# acrylic filler?



## WarrenMichaels (Sep 5, 2014)

I'm making something out of acrylic. I need a water-tight seal. I can cut/drill the pieces pretty close, but probably not exact. What makes things harder is that acrylic is not glued, but bonded. Is there a product that can be used to fill gaps if I have any in the acrylic? thanks.


----------



## majerah1 (Oct 29, 2010)

God question. I would assume there is a type of bonding you could use? if for like hoses ect rubbber gaskets maybe? I dunno I have never messed with acrylic.


----------



## big b (Jun 28, 2014)

There are special aquarium glues, I don't know if it will work but you might wanna check it out.


----------



## Mugwump (Aug 11, 2014)

Try this product by Loctite......it's even used to seal/bond/build tanks...


Clear Silicone, Waterproof Sealant, Aquarium Sealant from Loctite Adhesives


----------



## WarrenMichaels (Sep 5, 2014)

Thanks for the suggestion. I actually have quite a bit of silicon adhesive. Unfortunately, on the page that you listed it states that it is not fit for "polymethylmethacrylate", aka plexiglass, aka acrylic.
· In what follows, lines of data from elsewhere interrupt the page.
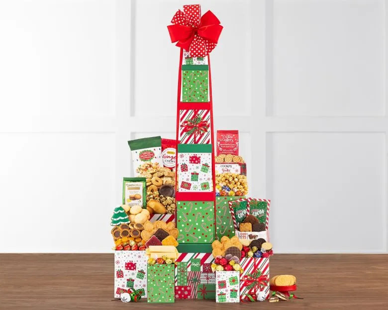 This colossal holiday tower includes festive box after box of chocolate and sweets. Milk and dark chocolate hazelnut pralines, coconut cookies, ginger chews, Hammond's dark chocolate cookie bar, Lindt milk, white and dark chocolate truffles, brownies, toffee popcorn, almond biscotti, spiced waffle cookies, lemon, raspberry and cookie butter cakes, a decorated vanilla Christmas tree cookie, hot cocoa and much more fill these six holiday gift boxes. Gift Size: 6" x 6" x 39" Item 501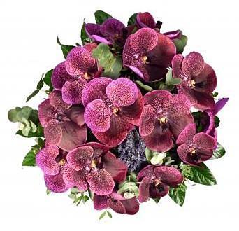 - Greenery: carefully selected foliage adds volume and freshness, balancing the deep hues of the orchids and lavender while enhancing the overall structure of the bouquet.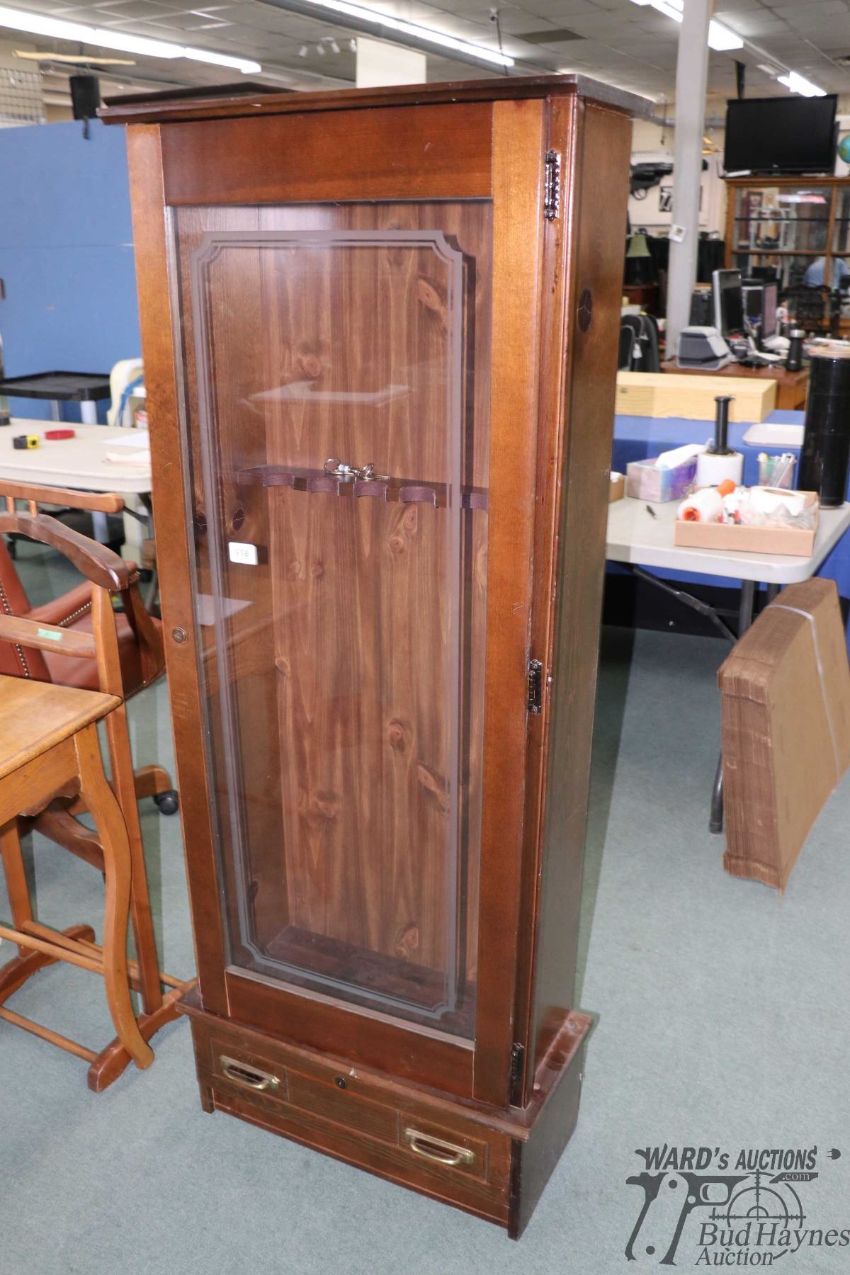 Wood and glass locking gun display cab with lower locking shelf. Has keys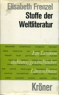 Frenzel, Elisabeth: Stoffe der Weltliteratur. Ein Lexikon dichtungsgeschichtlicher Längsschnitte. 4., überarbeitete Auflage. Stuttgart: Kröner 1976. 8°. XVI, 785 S., Leinen (Schutzumschlag mit teilweise losgelöstem Cellophan und leichten Randläsuren; sonst gut erhalten) (=Kröners Taschenausgabe ; Bd. 300)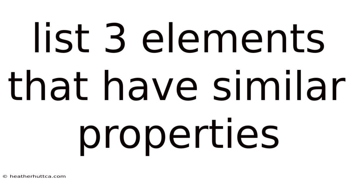 The concept of listing 3 elements that have similar properties is not just an academic exercise; it has practical implications in fields ranging from material science to environmental chemistry. To give you an idea, understanding the reactivity of one alkali metal can help scientists anticipate the behavior of others in the same group. This similarity allows scientists to predict the behavior of one element based on the known properties of its counterparts. Think about it: elements with similar properties often share the same valence electron configuration, which dictates how they form bonds and react with other substances. This article will focus on three elements that exemplify this phenomenon, highlighting their shared traits and the scientific principles that govern them.

I'm thinking that if I pack gaps with acrylic dust and then wet with acrylic bonding agent, this might work.


----------



## big b (Jun 28, 2014)

Well let us know how it goes .


----------



## Reefing Madness (Aug 12, 2011)

Don't think your going to get it to work is its under any kind of water pressure.


----------



## Flagg37 (Aug 23, 2015)

I worked at a plastic fabrication company some time ago, but I never used anything that would act as a filler for acrylic. Do you have a picture of where you were thinking of using it? Maybe there is another option. Acrylic isn't the most forgiving materials to work with. Let's hope you don't have to scrap what you've already been working on.


----------